There is a nationwide decline of from 5% to 15% in applications to graduate schools of business. And there is a New Consciousness among the students now enrolled. Many business graduates are either forsaking large corporations for smaller firms, where there is more freedom of movement, or going into business for themselves. Five years ago, only three Harvard M.B.A.s went into business for themselves directly upon graduation; this year, 25 plan to take the plunge, and some are turning down high salaries to do it. One self-starting venture is the new Cambridge, Mass., “Autotorium”—an electronics-equipped auto-repair garage founded by three 1971 M.B.A.s, one of whom is planning to further his education by taking a night course in mechanics. The Autotorium is part of the rapidly growing service industry, which also includes amusements, hotels and a multitude of other enterprises.

Not only the button-down accounting major becomes an entrepreneur these days. “Business? Like wow! Most of my friends are in business,” explains one barefoot boy in bell-bottoms and beads, referring to the lucrative new counterculture enterprises that constitute what is sometimes known as Hip Capitalism. Hundreds of erstwhile flower children have become proprietors of record stores, organic-food shops, restaurants and boutiques. One recent graduate of Xavier University, Steven Reece, 23, of Cincinnati, has become the manager of nine pop artists, including his wife, Barbara Howard, for whom he has booked appearances on the Mike Douglas and David Frost shows. Reece also gives free advice to black high school kids eager to become performers.
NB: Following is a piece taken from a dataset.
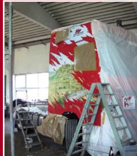
Pistolero: Actros beim Besprühen

sichten der Nürburg auf den Seiten des Fahrerhauses auf. Klar, dass der LKW beim Truck-Grand-Prix einen Ehrenplatz bekommt.

GRADUATE SCHOOL. This year applications to graduate schools are up slightly over 1970 totals, despite the fact that it is now clear that the long climb up the ladder to the Ph.D. no longer guarantees secure footing at the top. Economic recovery will provide some new jobs for these specialists, but not enough of them. Says New York University Chancellor Allan Cartter: “We have created a graduate-education and research establishment in American universities that is about 30% to 50% larger than we shall effectively use in the 1970s and early 1980s.”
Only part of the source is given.